Whilst the role of nodes could be viewed as the ‘technical backbone’ of the FnPS, it would be incorrect to view a single node as having a crucial role in the payment system or bear a substantial risk. The failure of a single node would not result in downtime of the FnPS. Since all the nodes have the same programmed functions and store the same data, no single node has a greater influence over another. Where a node crashes for whatever reason, the payment system is not impacted because the nodes remaining online can continue processing and other nodes on standby can be selected for consensus rounds (if needed). Once a node resumes after a period of downtime, it will begin rapidly updating the missed transaction history.

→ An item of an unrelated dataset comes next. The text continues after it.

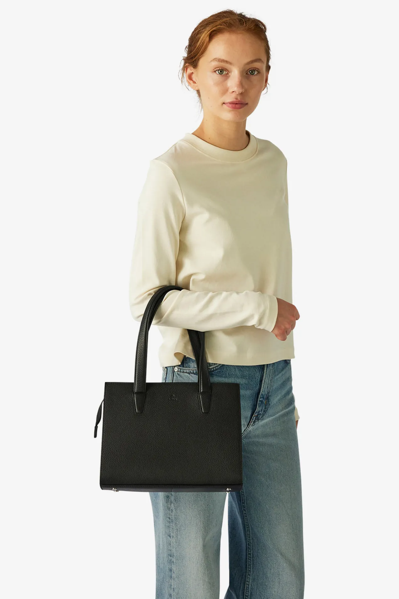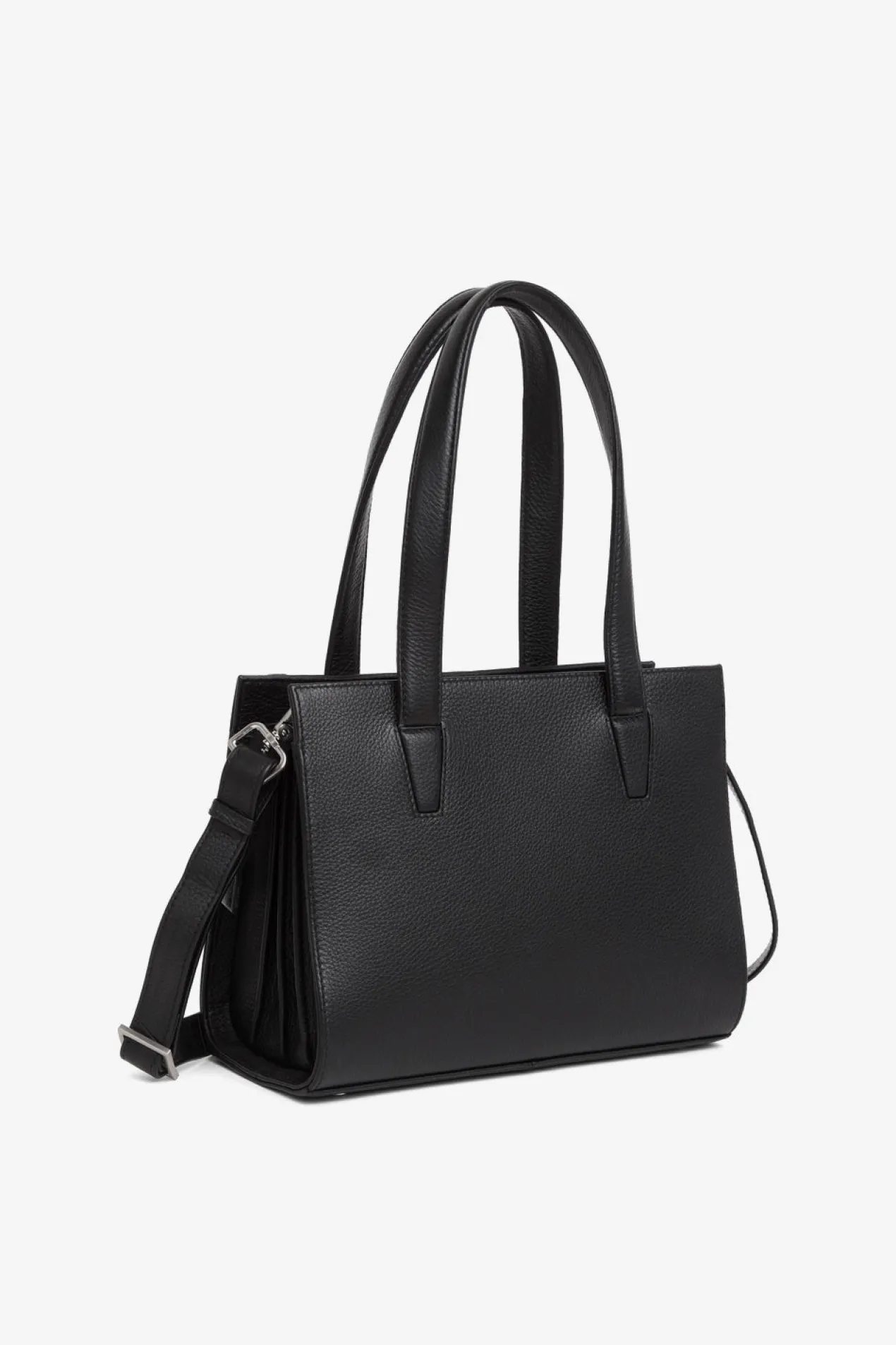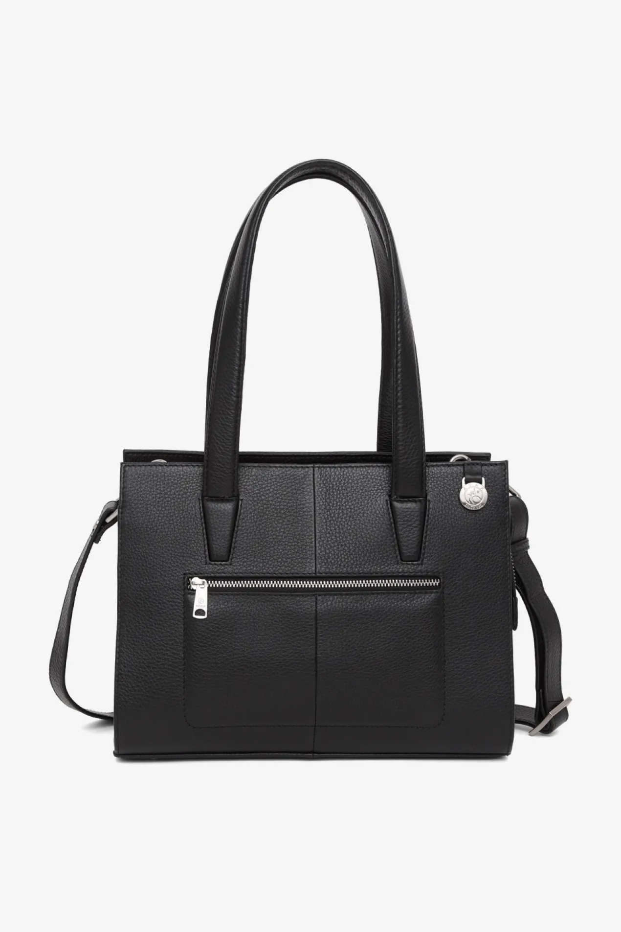 Elea is the little sister to the larger Aline handbag and is really great for everyday use. The design is simple and stylish and then it may be carried in the two handles or in the detachable shoulder strap.The bag has a zipper closure and consists of three great rooms separated with two thin zipper pockets. In the back room, there is a small zipper pocket with an open leather pocket, for a smartphone. On the back of the bag is another fine and discreet zipper pocket.This Adax handbag is perfect for everyday life and may be used for what you like.

With the rise in state-funded criminal activity and malicious actors attempting to target national payment networks, centralised payment systems - even with numerous back-up servers - are not sufficiently robust during a large-scale attack. In order to halt the FnPS validation process, the entire network of nodes would need to be neutralised. This is highly unlikely because the VNs will be hosted by financial institutions with strong security policies and controls. Instead of attacking one entity or individual, a cyber-attack would need to take down at least 15 VNs hosted by financial institutions at the same time. In centralised payment systems, where there is typically an annual downtime of between 2.5 – 5%, there are knock-on effects for the financial sector in seeking alternative means to cover the payment leg of transactions. In contrast, the FnPS anticipates an annual uptime of 99.999% directly empowered by the underlying network of nodes. The distributed nature of the technology underpinning the FnPS significantly reduces the likelihood of downtime and the impact of risk decreases with the growth of the node network.
The underlying technology of the FnPS is novel and innovative. Our shareholders and the financial sector at large desire a solution that is solving a complicated problem from its roots. The distributed approach adopted by Fnality will ultimately create a more resilient financial sector. In addition, the technological advancements offered by the FnPS are also necessary in fulfilling future central bank agendas. Fnality fully appreciates the technological, commercial and regulatory interdependencies in ensuring the safety and soundness of the FnPS.
This article provides a brief insight into the operations and design of FnPS, and further Fnality articles and papers are available to complement and enhance understanding.
Note: This blog post is for informational purposes only. The information and the terminology used in this document are subject to change.